Member of the Maine Senate from the 17th district
- In office 1996–2002; 2004–2010;
- Succeeded by: Garrett Mason

Personal details
- Born: August 29, 1949 (age 76) Lewiston, Maine, U.S.
- Party: Democratic
- Alma mater: University of Maine (BA)
- Profession: Dairy farmer

= John Nutting (politician) =

American politician

John M. Nutting VII (born August 29, 1949) is an American politician and retired dairy farmer from Maine. Nutting was a member of the Maine House of Representatives from 1986 to 1992 and served in the Maine Senate from 1996 to 2002 and again from 2004 to 2010. In 2002, Nutting sought the Maine Democratic Party's nomination for Maine's 2nd congressional district. He finished fourth, losing in the Democratic primary to Mike Michaud.

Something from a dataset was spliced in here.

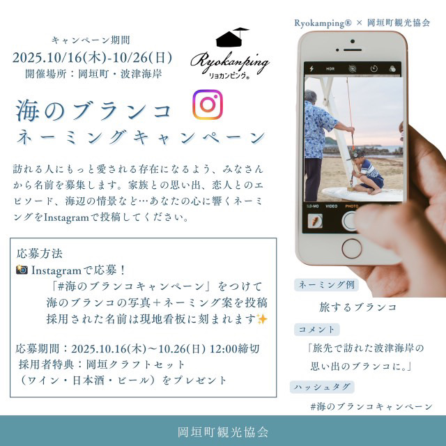 実はこのブランコ、まだ名前がありません。そこで、10月16日(木)から「海のブランコネーミングキャンペーン」がスタート。ぜひあなたが撮ったこのブランコの写真に、思い浮かんだネーミングと波津海岸でのエピソード、そして「#海のブランコキャンペーン」をつけてhttps://www.instagram.com/okagakikankou/に投稿してください。名前が採用されると岡垣クラフトセット(ワイン、日本酒、ビール)がもらえます。応募は10月16日(木)~26日(日)正午まで受け付けています。
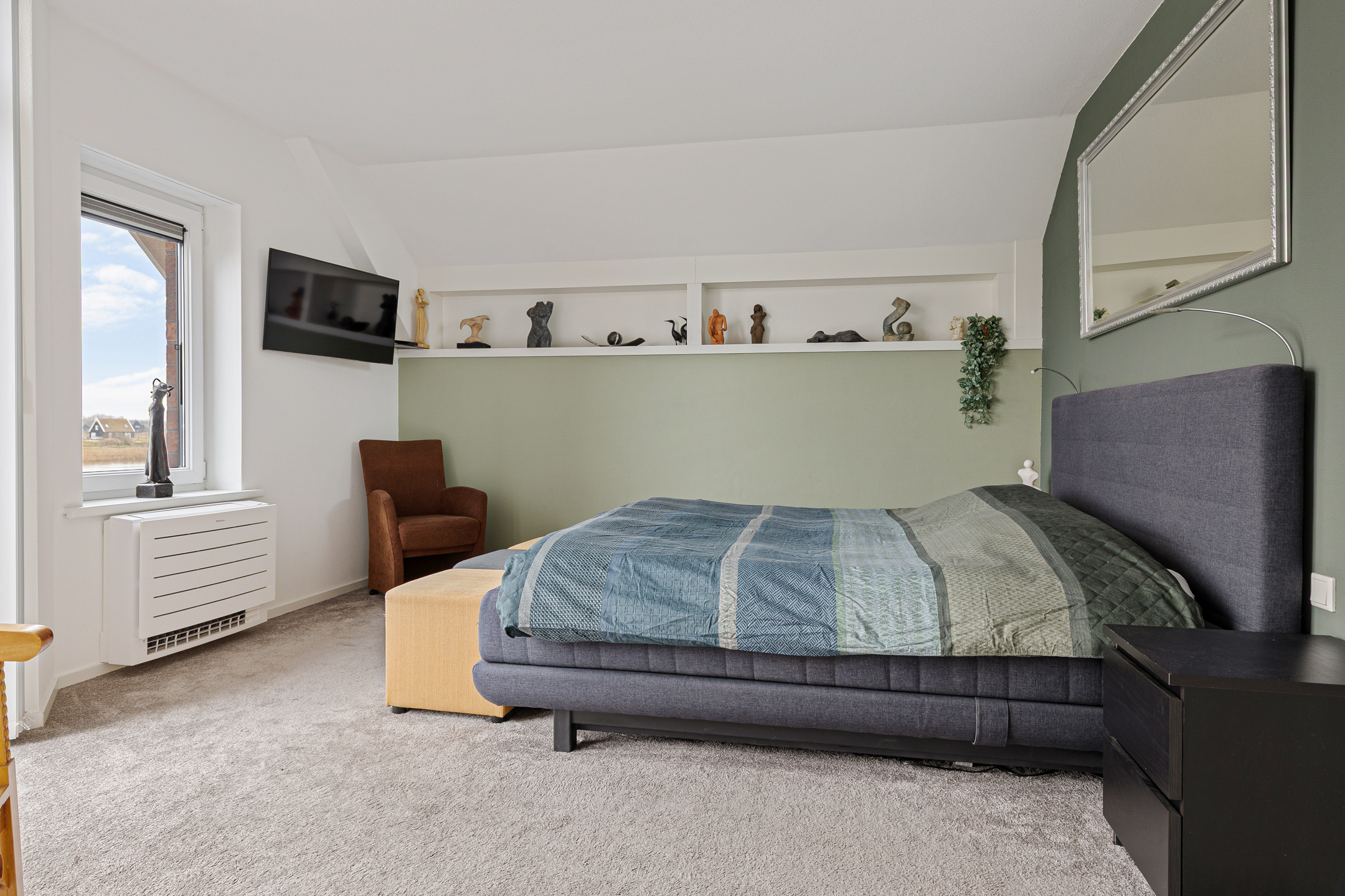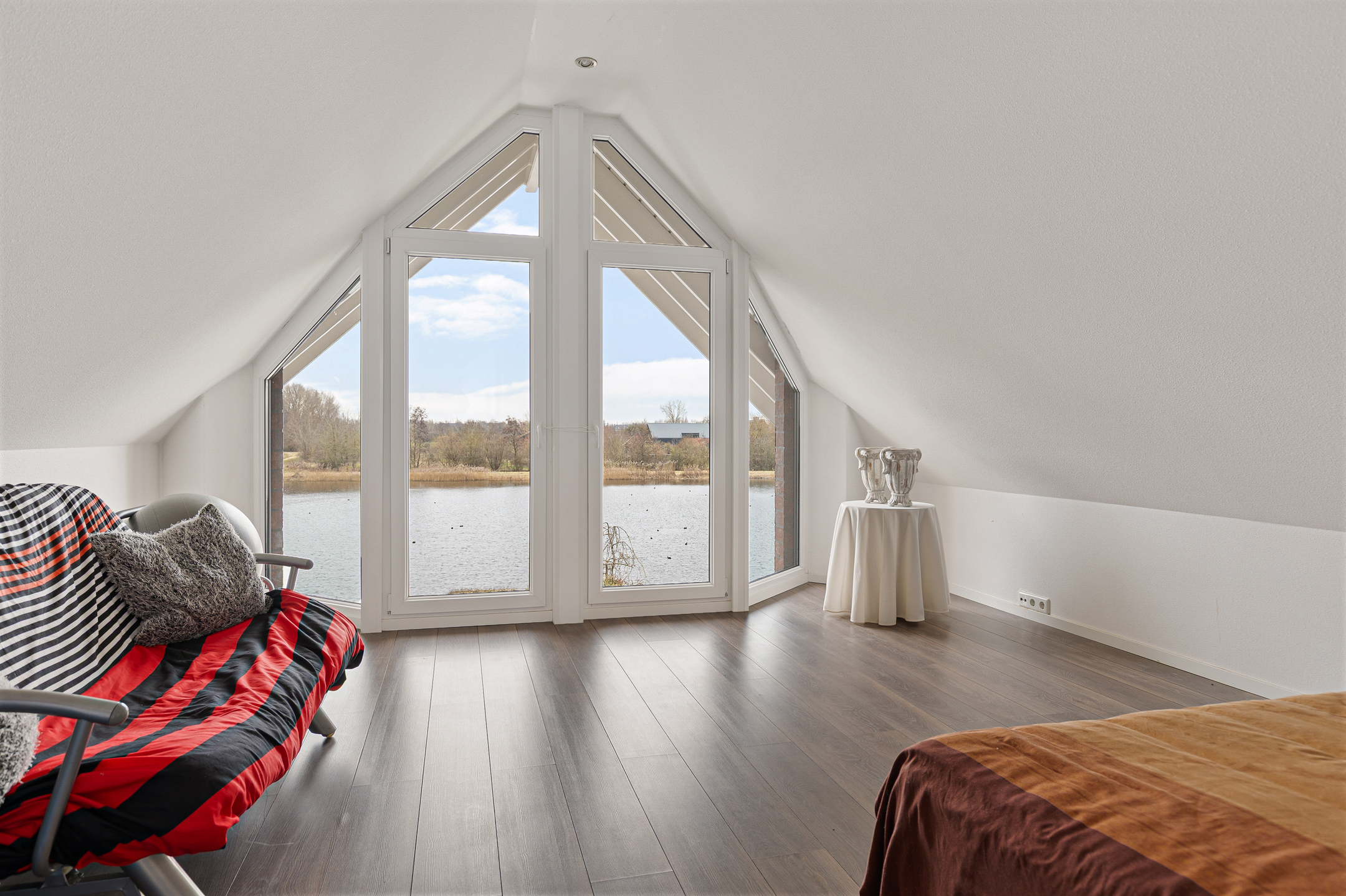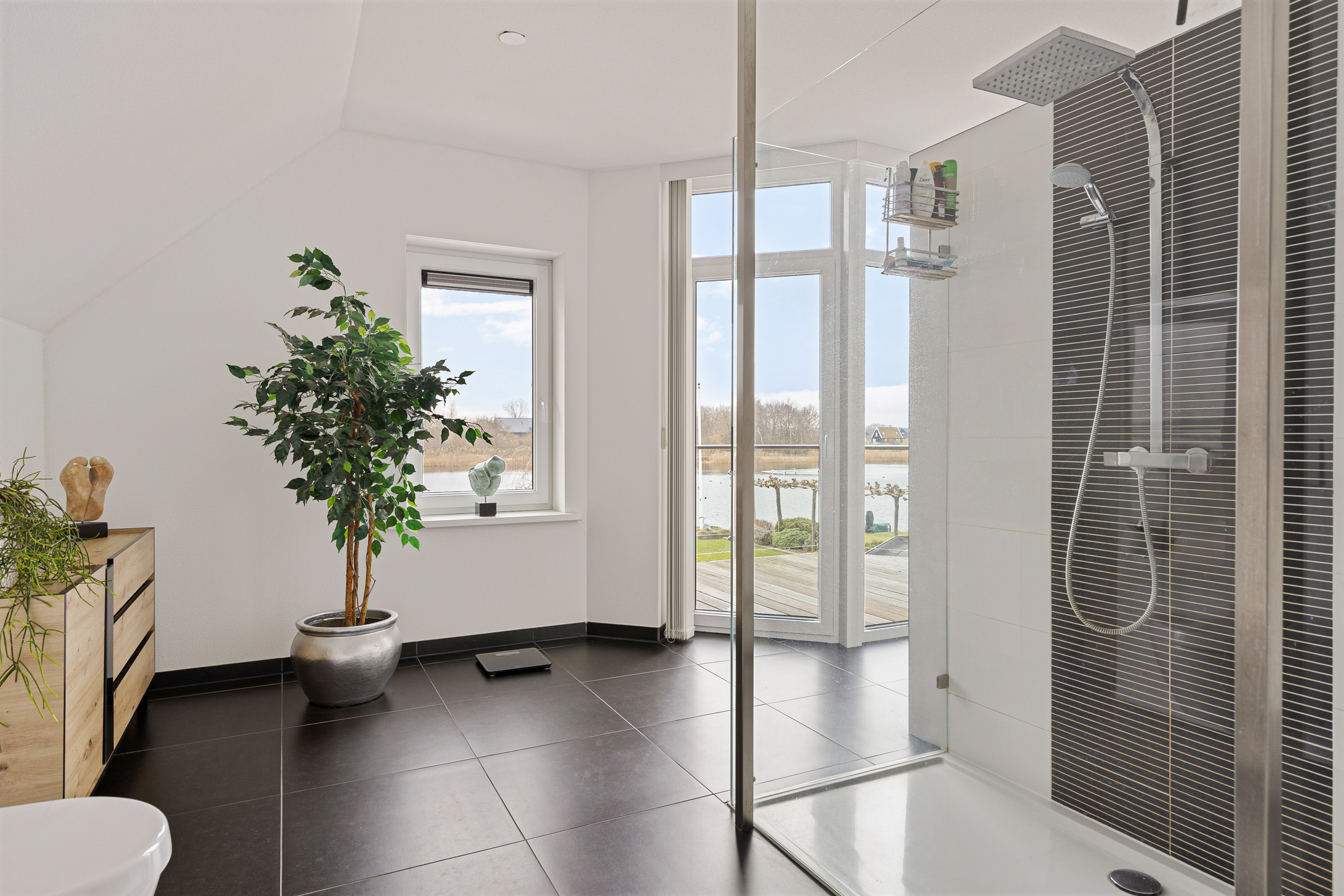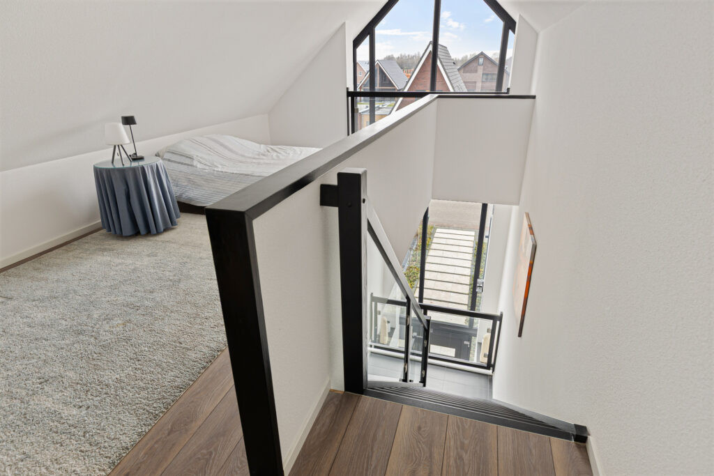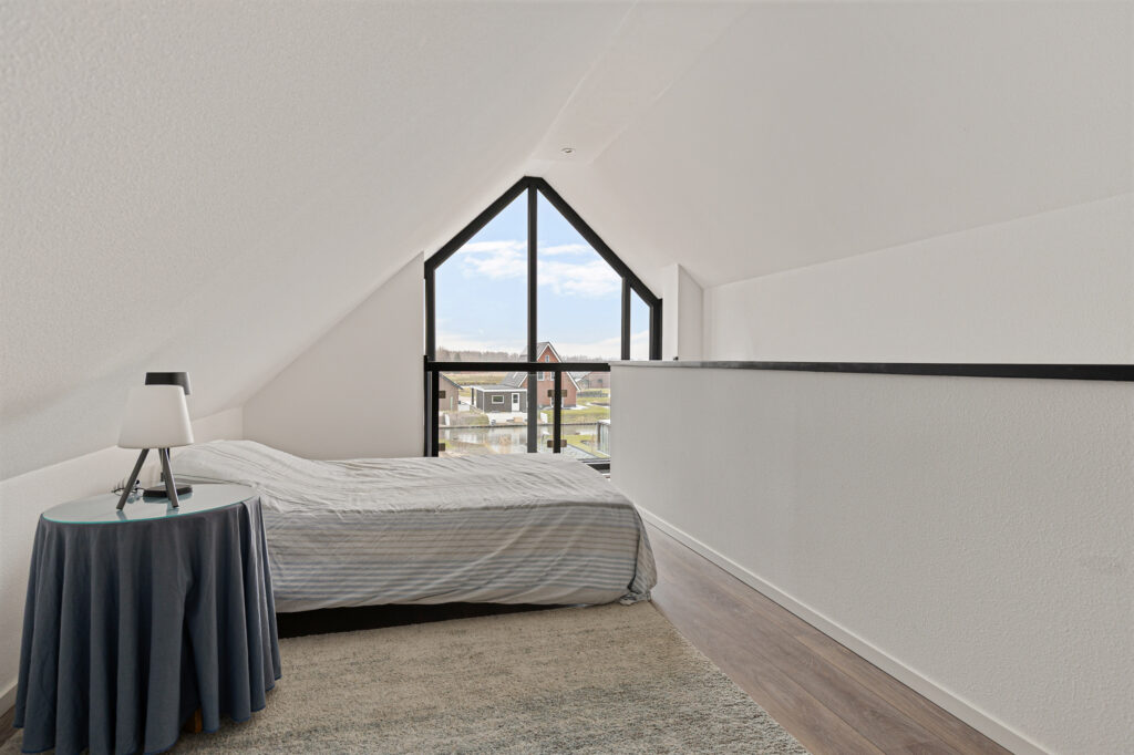 Op de verdieping een royale indeling, beginnend bij de overloop annex vide. Ruim, licht en voorzien van een vaste trap naar de tweede verdieping. Verder een technische ruimte, drie slaapkamers waarvan één met ‘walk-in closet’, balkon en vrij uitzicht. Ook de badkamer geniet van dit uitzicht en is op zijn minst bovengemiddeld te noemen qua maatvoering. In ieder geval kijkt u vanuit uw bad zo over het water, niet zijnde uw badwater… Op de tweede verdieping nog een heerlijke werk- annex speelplek en een vijfde slaapkamer met uitzicht!

Running for re-election to his sixth term (third consecutive) in the Maine Senate in 2010, Nutting lost to Republican Garrett Mason. Mason's supporters spent $50,000 in private money against Nutting.

==Personal==
Nutting was born in Lewiston, Maine and earned a B.S. degree in pre-veterinary sciences from the University of Maine in 1971. He is a retired dairy farmer in Leeds, Maine.

==Career==
Nutting served as Senate Chair of the legislature's Joint Committee on Agriculture, Conservation, and Forestry. In 2009, he authored legislation supported by the Humane Society of the United States prohibiting the confinement of pigs and calves in gestation crates and veal crates. The legislation was passed unanimously by both chambers and signed by Governor John Baldacci.